To that end I have decided to use a transaction as a way of sending and then committing batches of messages, with retry performed at the level of the whole batch. In simplified pseudocode…
while (messages to publish and batch is not full) add message to batch
do
foreach (message in batch) Send()
Commit()
while (commit failed)
The solution makes use of a last value queue and queue browser to handle edge-case commit failures, and a ring-buffer of pre-allocated messages, which accounts for the bulk of the code not directly related to the above pseudocode.
The .csproj can be found on github .
What I have noticed is that the Commit()
call takes quite a long time - between 100 and 130 milliseconds. Here’s the send-and-commit block .

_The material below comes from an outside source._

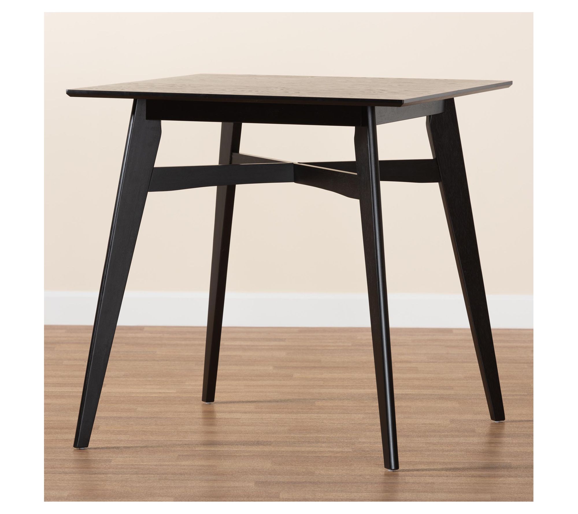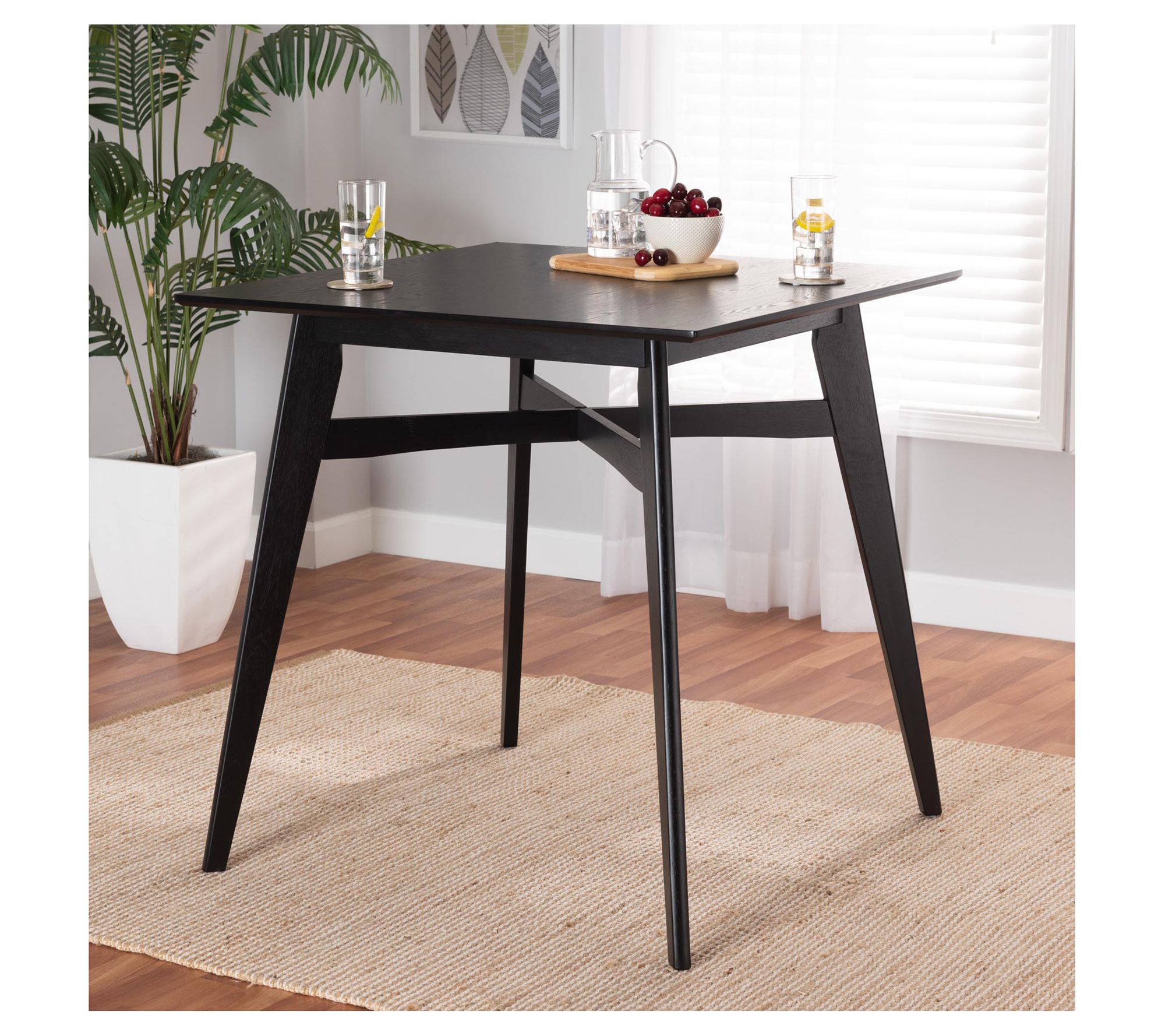 Crisp lines and refined craftsmanship distinguish the Leena pub table. Its square tabletop exudes sleek geometric charm and comfortably seats four. From Baxton Studio.

The overall throughput is heavily dependent on the duration of the Commit()
operation, since I have to block on that call before starting the next batch (otherwise the retransmission of the batch would put messages out of order in the overall sequence).
Using this technique, one would expect the maximum message rate per second to be roughly: commit_batch_size * 1000 / commit_wait_in_ms
which is 1600 messages per second if batch size is 200 and the commit blocks for ~125 milliseconds. And that is indeed what I am seeing.
I have a separate project which I am using to measure the “ping time” to the broker (the time to send one message and get an ack or nack), which for me averages around 20 ms. So the Commit seems to have about 100ms of overhead not accounted for by pure latency.
Just to add a bit more to the complexity of this question… ?
I don’t know whether this additional delay is happening due to actual commit processing time, or perhaps some kind of response buffering? I have a separate project on github which is my “ping” publisher, and in that project I provide the ability to set the maximum number of messages that are waiting for an ack/nack via the maxUnacked
parameter, as well as setting the value for the
.
I have noticed that in the ping publisher - which is not using transactions but rather just doing send/ack, with configurable concurrency - there are certain “threshholds” that significantly decrease throughput. For example, calling Ping(count: 1000, maxUnacked: 1, publishWindowSize: 5);
results in ~85 messages per second (completely reasonable since every send is effectively serialised if maxUnacked
is set to 1), but calling Ping(count: 1000, maxUnacked: 1, publishWindowSize: 6);
results in almost exactly one message per second. I expect this is due to a 1-second-maximum window release timer (per https://solace.com/blog/understanding-guaranteed-message-publish-window-sizes-and-acknowledgement/ ). Worth noting that the standard deviation is also enormous - the last few messages take a lot longer than the rest - again, presumably due to the solace router waiting for a timer to elapse before sending a window that is not yet complete (or more than 1/3rd complete), which (for the last handful of messages) will depend of the result of total_message_count % window_size
.
Could it be that the Commit()
response back to the solace library is being buffered in a similar way to acks/nacks?